▶ _What you are asked to do_: Write out the listing below in full and exactly, leaving out every picture.

Data segment section start

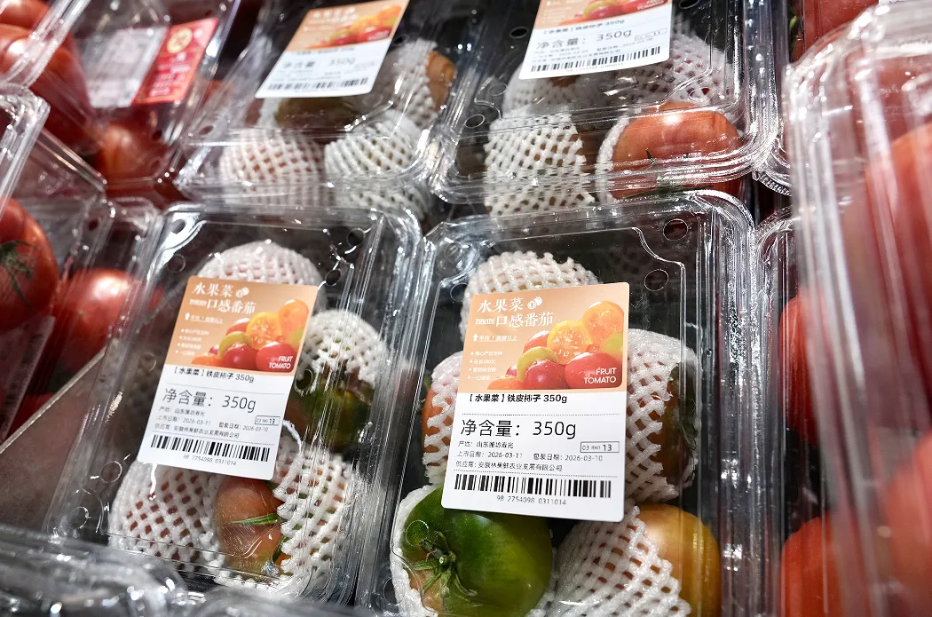 “这个草莓番茄看着真新鲜,颜色红绿相间,像草莓一样,买回去给孩子尝尝。”正在选购的市民李女士笑着说。该门店店长姚明东介绍,草莓番茄口感脆甜,既可当水果生食,也适合凉拌或清炒,上市以来销量持续走高。
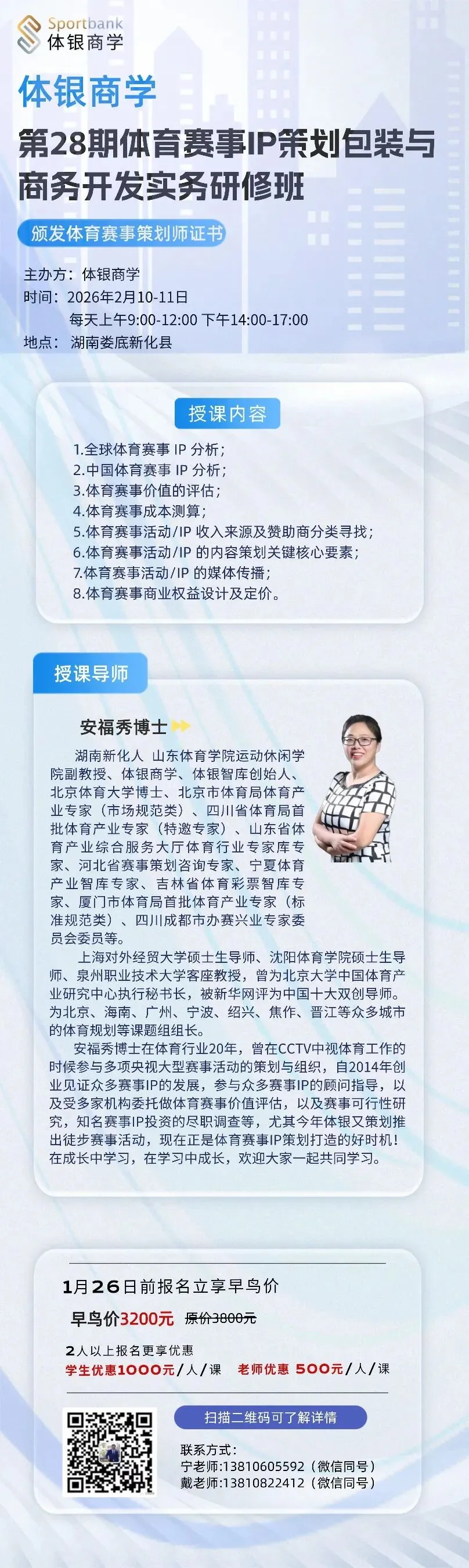 体银智库提供各城市/区/县/协会/企业等体育十五五发展规划、体育产业咨询、体育项目规划、体育项目运营策划、体育赛事价值评估、专项资金申报、体育项目可研、体育案例库建设、户外运动目的地规划、体育数据调研、户外运动目的地项目落地策划、投资、运营等提供服务,欢迎沟通合作。体银智库创始人安福秀博士微信13910189408
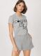 تيشيرت بياقة مستديرة وأكمام قصيرة بطبعات
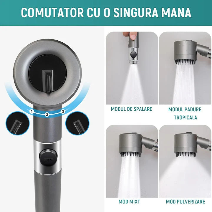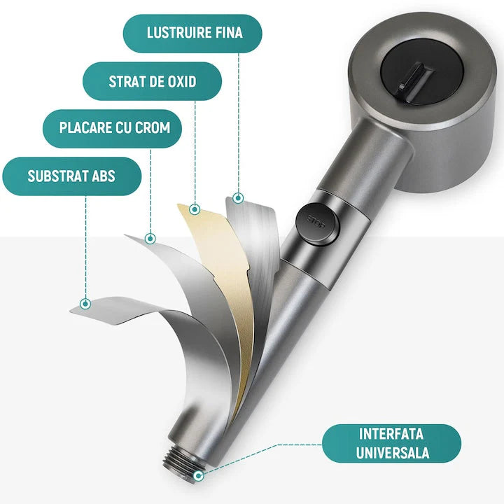 Filtrarea minerală dublă purifică apa, în timp ce designul presurizat oferă un debit constant și puternic — exact ce lipsea pentru o experiență de duș premium la tine acasă.

Data segment section end

▶ _Final answer_:
 “这个草莓番茄看着真新鲜,颜色红绿相间,像草莓一样,买回去给孩子尝尝。”正在选购的市民李女士笑着说。该门店店长姚明东介绍,草莓番茄口感脆甜,既可当水果生食,也适合凉拌或清炒,上市以来销量持续走高。
 体银智库提供各城市/区/县/协会/企业等体育十五五发展规划、体育产业咨询、体育项目规划、体育项目运营策划、体育赛事价值评估、专项资金申报、体育项目可研、体育案例库建设、户外运动目的地规划、体育数据调研、户外运动目的地项目落地策划、投资、运营等提供服务,欢迎沟通合作。体银智库创始人安福秀博士微信13910189408
 تيشيرت بياقة مستديرة وأكمام قصيرة بطبعات
 Filtrarea minerală dublă purifică apa, în timp ce designul presurizat oferă un debit constant și puternic — exact ce lipsea pentru o experiență de duș premium la tine acasă.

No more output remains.